Cys-LTs’ Pro-phlogistic Lung Actions Are Regulated by Cys-Maresins

Abstract Background Cysteinyl leukotrienes (CysLTs) are potent pro-phlogistic mediators in asthma; however, inhibition of CysLT1 receptors is not a consistently effective treatment, suggesting additional regulatory mechanisms. Other cysteinyl-containing lipid mediators derived from docosahexaenoic acid (DHA), namely maresin conjugates of tissue regeneration (MCTRs), were recently discovered.

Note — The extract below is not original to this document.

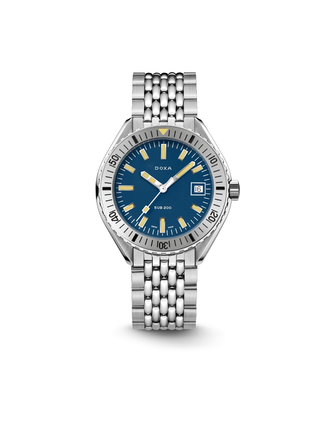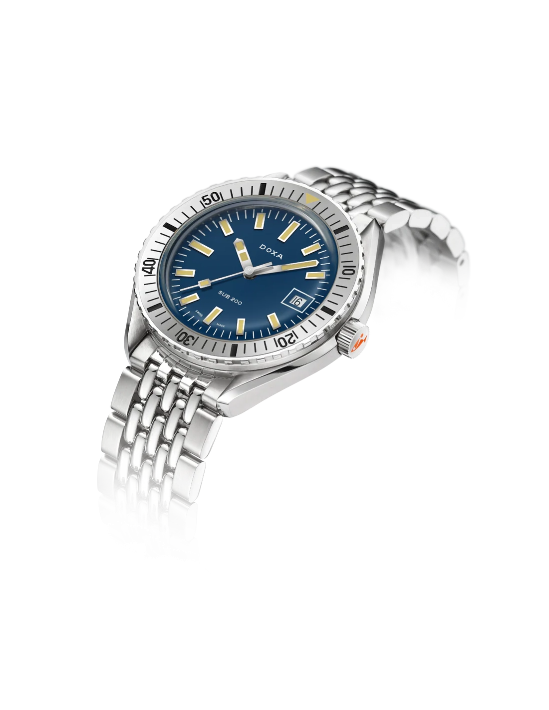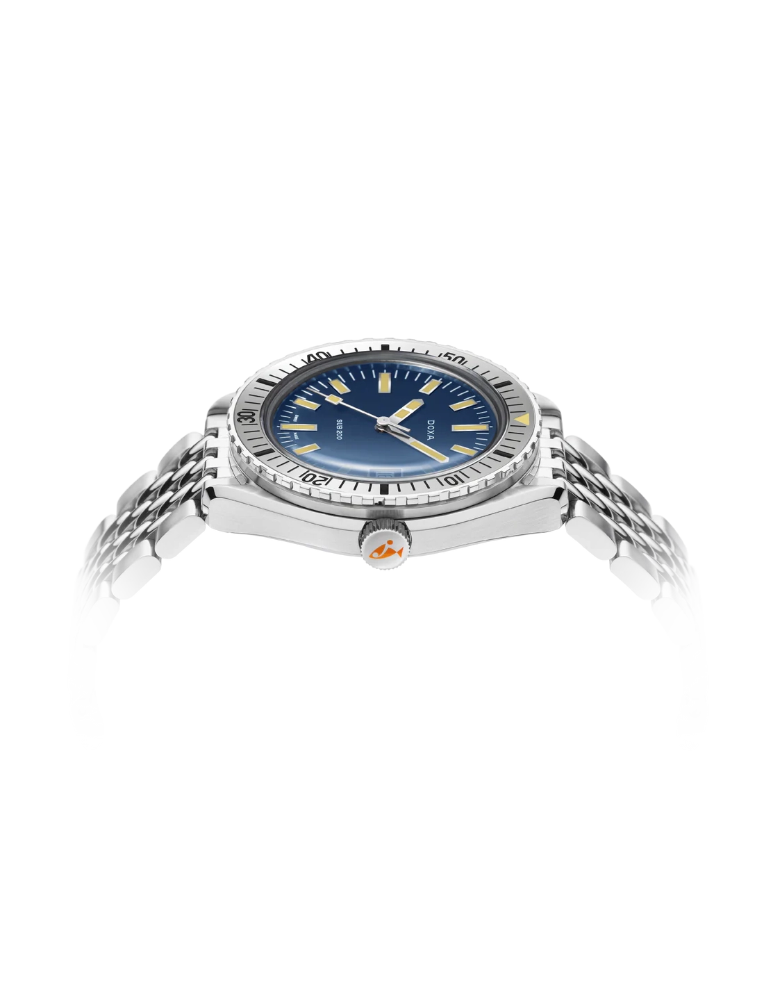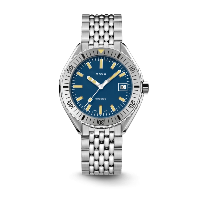 Revelado na Baselworld 2019, este relógio de mergulho de três ponteiros apresenta uma caixa em aço inoxidável 316L da mais alta qualidade. Com um diâmetro de 42 mm, o SUB 200 é equipado com um vidro de safira resistente a riscos, com revestimento antirreflexo e a curvatura distinta do plexiglass abobadado utilizado antigamente. Resistente à água até uma profundidade de 200 metros (20 ATM), o modelo inclui uma luneta rotativa unidirecional. Todos os elementos que fornecem informações relevantes para o mergulho, incluindo a luneta, possuem revestimento luminescente Super-LumiNova®. A bracelete é em aço inoxidável 316L e inclui um fecho dobrável com o símbolo do peixe DOXA.

Their production and actions in the lung are therefore of considerable interest. Objective To determine MCTR production, bioactions and mechanism in human lung and in experimental allergic airway inflammation. Methods Lipid mediator metabololipidomics profiling of lung was performed using liquid chromatography with tandem mass spectrometry. Donor-derived human precision cut lung slices (hPCLS) were exposed to leukotriene D4 (LTD4), MCTRs, or both, before determination of airway contraction. The actions of exogenous MCTRs on murine allergic host responses were determined in ovalbumin and house-dust-mite induced lung inflammation. Results Lipidomic profiling showed that the most abundant cysteinyl lipid mediators in healthy human lung were MCTRs whereas CysLTs were most prevalent in disease. MCTRs blocked LTD4-initiated airway contraction in hPCLS. In mouse allergic lung inflammation, MCTRs were present with temporally regulated production With ovalbumin-induced inflammation, MCTR1 was most potent for promoting resolution of eosinophils and MCTR3 potently decreased airway hyperreactivity to methacholine, bronchoalveolar lavage fluid albumin, and serum IgE levels. MCTR1 and MCTR3 inhibited lung eosinophilia after house dust mite-induced inflammation. Conclusion These results identified lung MCTRs that when added exogenously blocked human LTD4-induced airway contraction and promoted the resolution of murine allergic airway responses. Together, these findings uncover pro-resolving mechanisms for lung responses that may be disrupted in disease.